Setelah parkir perjalanan dilanjutkan dengan berjalan kaki. Menurut papan yang ada di depan pabrik kopi Gunung Pasang, jarak yang ditempuh ke jeram tancak yakni 2,5 km. Sepertinya jarak yang tidak terlalu jauh dan masih sanggup dibayangkan kadar capeknya. Tapi ketika saya coba tanya ke penjaga parkir, berapa usang perjalanan dengan jalan kaki. Jawabannya yakni 1,5 jam paling cepat. Lho kok sanggup usang sekali? Begitu pikir saya sambil memulai jalan kaki menuju air terjun.
Walau di awal perjalanan kaki, jalanan setapak yang mulus, beberapa ratus meter kemudian sudah terlihat aslinya. Jalanan setapak berbatu, dan agak menanjak. Masih juga harus melintasi sungai kecil. Perlu sekitar 30 menit jalan kaki untuk mencapai persimpangan jalan yang berada di kebun kopi. Kita sanggup beristirahat sebentar di sini untuk mengurangi ngos2an perjalanan dari bawah tadi, sambil menikmati hijaunya pohon pohon kopi dan udara segar yang semilir.
|
Rombongan di belakang saya ini tertawa besar hati di awal perjalanan. Foto: pribadi |
|
Pabrik Gunung Pasang & peringatan sebelum ke jeram Tancak. Bener itu 2,5 km? Foto: pribadi |
|
Kondisi jalan di awal naik. Foto: Pribadi |
Dari pesimpangan ini kita ambil jalan yang lurus ke atas. Tidak sanggup pribadi lurus, tapi harus belok sedikit terus ambil yang jalan lurus ke atas. Tujuan berikutnya yakni hingga dengan ketemu sungai dengan batu-batu yang besar dan deras airnya. Walau jaraknya tidak sejauh dari awal naik hingga persimpangan tadi, tapi dari sini medannya lebih menantang.
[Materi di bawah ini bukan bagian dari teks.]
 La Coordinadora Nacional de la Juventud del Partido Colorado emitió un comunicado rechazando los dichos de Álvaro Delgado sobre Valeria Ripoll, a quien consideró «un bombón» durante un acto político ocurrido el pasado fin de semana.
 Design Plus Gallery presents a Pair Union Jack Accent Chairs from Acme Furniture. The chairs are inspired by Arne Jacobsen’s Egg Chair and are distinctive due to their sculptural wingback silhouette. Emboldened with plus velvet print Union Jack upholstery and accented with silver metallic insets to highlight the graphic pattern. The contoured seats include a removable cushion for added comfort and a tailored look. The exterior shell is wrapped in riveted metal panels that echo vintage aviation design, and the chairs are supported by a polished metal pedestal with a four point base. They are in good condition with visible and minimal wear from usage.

Diperlukan sekitar 40 menit dari percabangan jalan tadi hingga sungai. Perjalanan dengan jalan setapak yang menyempit dan menanjak. Melewati rumpun bambu yang rimbun. Melintasi bekas pohon tumbang yang masih melintang di jalan. Dan terus menanjak lagi di jalan sempit di antara pohon kopi hingga hingga di sungai besar.
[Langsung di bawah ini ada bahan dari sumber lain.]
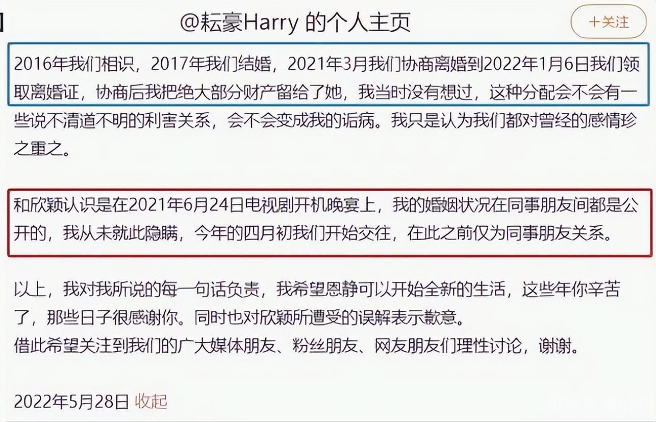 但这场出轨漩涡的中心人物,胡耘豪在5月28日以小作文回应称,自己没有婚内出轨,与杨欣颖恋爱时离婚后才开始的。
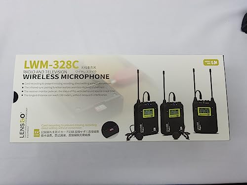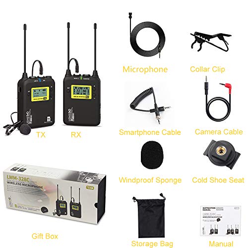 Sistema Microfonico Lavalier Wireless, LENSGO LWM-328C Mic Professionale Wireless Omnidirezionale UHF 99-canali con 2 Trasmettitore e 1 Ricevitore per Smartphone Fotocamera Canon Nikon DSLR e Altro
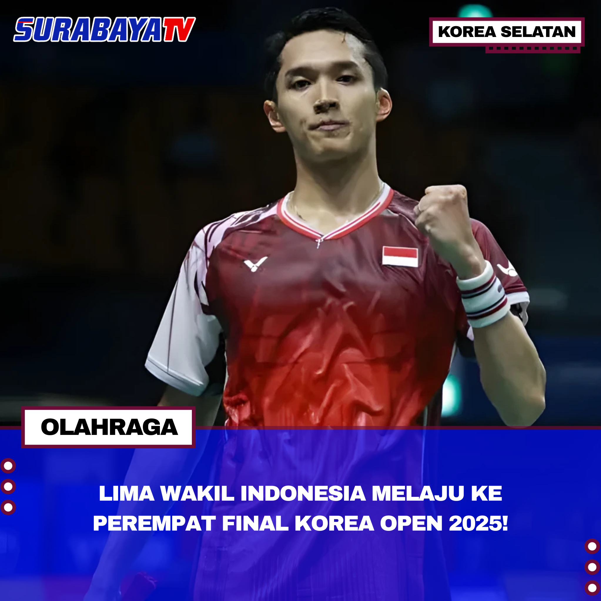 Korea Selatan – Lima pebulu tangkis Indonesia lolos ke perempat final Korea Open 2025 yang digelar Jumat (26/9) di Suwon, Korea Selatan. Mereka adalah Jonathan Christie dan Alwi Farhan (tunggal putra), Putri Kusuma Wardani (tunggal putri), Amri Syahnawi/Nita Marwah (ganda campuran), dan Fajar Alfian/M. Shohibul Fikri (ganda putra).
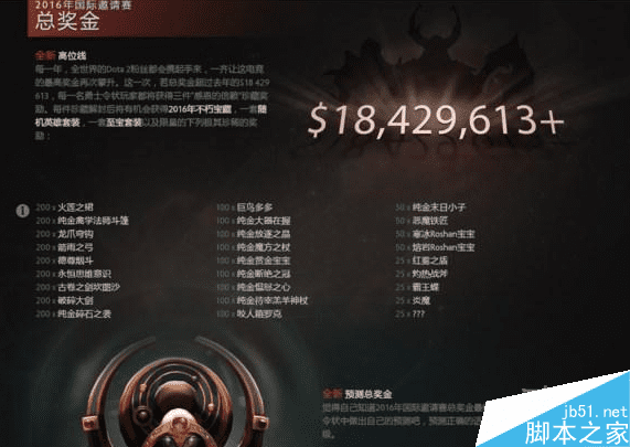 这项活动简直就是明目张胆的圈钱,奖金池只要超过TI5,前五届TI的稀有道具都有机会再获得,甚至还有四大纯正(红雾之盾、霸王蝶、恶魔刀锋、灼热战斧)!而且预测总奖金是闹哪样!好吧,2500W起~

Sambil duduk-dudk di watu besar di sungai ini, air terjunnya masih belum terlihat. Tapi bunyi deburan airnya sudah terdengar dari sini. Karena tumpahan jeram tadi mengalir ke sungai ini. Untuk melihatnya kita sanggup dengan menyusuri sungai ini atau naik ke tebing lagi yang berada di seberang sungai. Tebing berupa watu padas setinggi sekitar 10 m tapi dengan sudut kemiringan hampir 90 derajat. Dan tentu saja licin alasannya yakni untuk kesana harus menyeberangi sungai. Sehingga tampaknya cukup membahayakan untuk dilintasi. Hal ini yang jadinya menciptakan kami tidak sanggup untuk meneruskan perjalanan lagi.
Apakah kami kecewa? Ya tentu saja kecewa. Dan inilah bahwasanya yang saya maksud dengan kecewa di awal goresan pena ini. Kecewa alasannya yakni tinggal sedikit lagi 'tantangan' untuk sanggup melihat jeram tapi tidak kami lakukan. Istri saya tidak sanggup, tepatnya tidak mau memaksakan diri lagi untuk menaiki tanjakan vertikal itu. Dan saya pun mengiyakan untuk menyudahi petualangan kita hingga di sungai ini.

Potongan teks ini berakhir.